メディアの現実構成力を乗り越える

そもそもメディアリテラシーって?

メディアリテラシーとは何でしょうか。

Wikipediaによれば

情報メディアを主体的に読み解いて必要な情報を引き出し、その真偽を見抜き、活用する能力のこと。

この定義はかなり一元的なもので、実際にはもっとさまざまな側面があるのですが、さしあたって中心的となるのは、メディアを適切に活用し情報を解釈したり表現できるための気構え、といったところでしょうか。

 

メディア接触が作り上げる「世間話」の怪

先日、電車の中で、ある老夫婦の会話が聞こえてきました。
某銀行のカードローンの吊り広告を見ながらの「世間話」です。
(カッコ内は私の心の声です。)

夫「最近銀行のカードローンが問題らしいね。」

(何かのニュースで見たのかな。典型的なアジェンダセッティングだ。)

夫「マイナス金利なのに、高い金利で儲けようとしている」

(あれ?そこが問題なんだっけ?)

妻「1.9%からって、ずいぶん高いね。住宅ローンだって0.6%でしょ」

(えー、高いか?住宅ローンは有担保、カードローンは無担保だよ?)

夫「銀行は法律の規制がかからないんだ」

(うーん、グレーゾーン金利の話と総量規制の話がごっちゃになってる?)

夫「若い人は銀行にダマされて、こういうの借りちゃうんだよ」

(カードローンの主要顧客って若者だっけ?)

突っ込みどころは、カッコ書きで入れた通り満載なわけですが、そもそもなぜ、このようなコミュニケーションが成立してしまうのでしょうか。

おそらく、この男性は、テレビのニュースか何かで、「銀行のカードローンが問題だ」というレポートを見たのでしょう。
そして、それとは別のニュースで、日銀が「マイナス金利」を導入したことを知っており、さらに、住宅ローンの金利が1%を切っていることを知識として持っている、そんなことが推定できます。

これらの手がかりを、ほとんど無意識的に結びつけることで、

「銀行のカードローンは高い金利で若者をダマして儲けていて問題だ」

という結論に飛躍しています。
これは、認知心理学でいう「ヒューリスティック」の一種と考えられます。
人間の認知は、あらゆる情報を「正確に」処理することよりも、少ない手がかりから確からしい推論に飛躍することで、認知資源を節約し、社会に適応していると言われています。

 

ヒューリスティック×メディア=誤解?

この「ヒューリスティック」、経験的な日常生活においては、多くの場合有効に機能するわけですが、メディア接触など抽象的な情報処理においては、偏った現実構成に至るケースがあるのです。

この老夫婦にとって、この吊り広告を出した銀行のブランドイメージは、かなり悪いものになったことでしょう。人間の認知特性とメディア接触の関係によって、現実認識(=銀行がいいのか悪いのか)が、事実とはかけ離れた形で構成されてしまうわけです。

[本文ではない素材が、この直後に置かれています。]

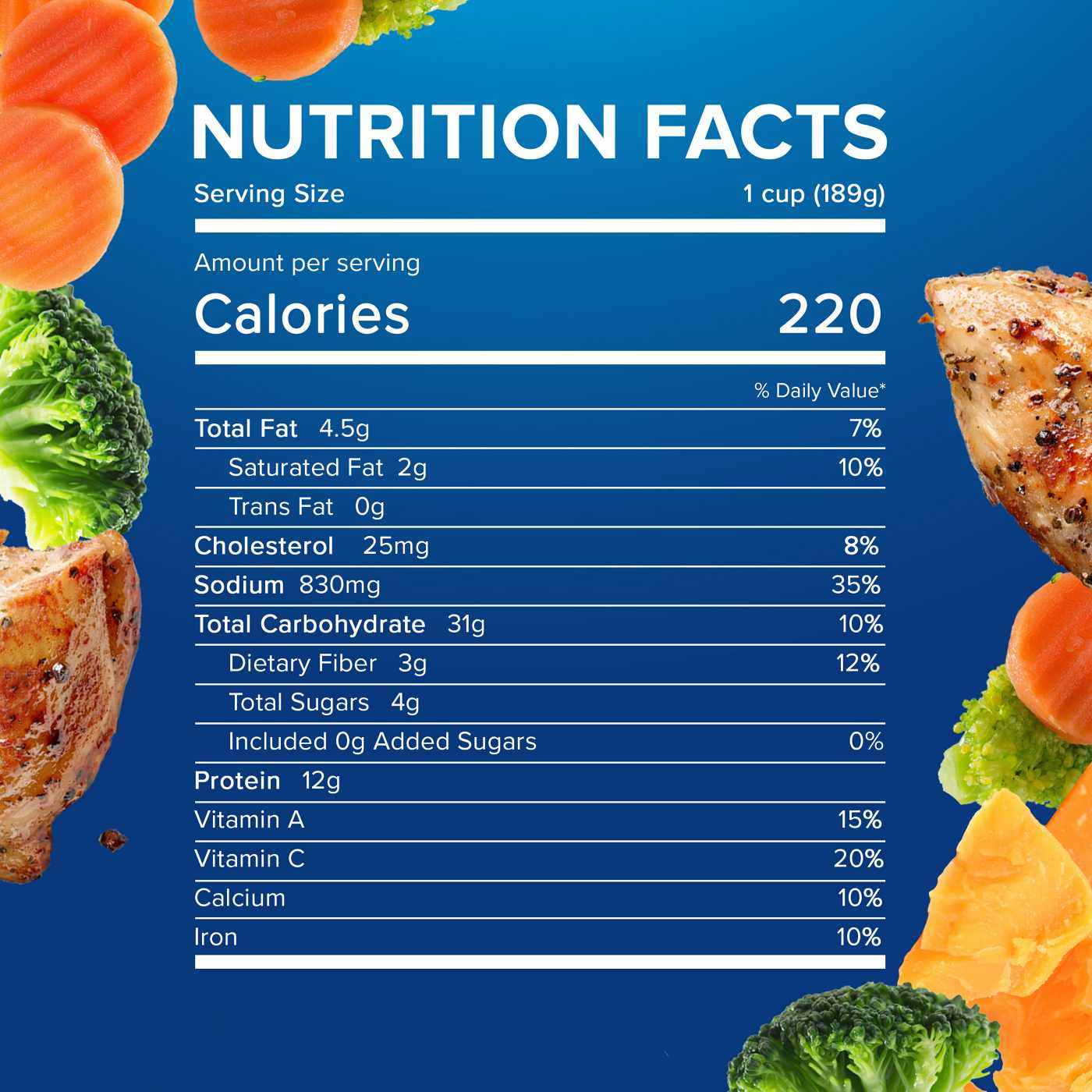 • White meat chicken, pasta and mixed vegetables are coated in a creamy ranch and cheese sauce for a hassle-free frozen family meal

ポイントは、メディアが嘘をついているわけでも、だましているわけでもない、ということです。メディア接触と認知の関係性によって、現実が無自覚的に構成されうるというダイナミズムが、ここに顕現しています。

このケースは極端で分かりやすい例ですが、実はメディアを通じた、人間の社会認識のほとんどが、これと同型的な構造によって成り立っていることに注意が必要です。小さなヒューリスティックの積み重ねが、現実認識を偏ったものにしている可能性について、意識的でいることが重要だと思います。

 

メディアに囲まれた環境における、現実構成のあり方を、いかに相対化してとらえ、メディアとの関係性を再構築し続けられるか?

その「気構え」のようなものが、広い意味での「メディアリテラシー」なのだと思います。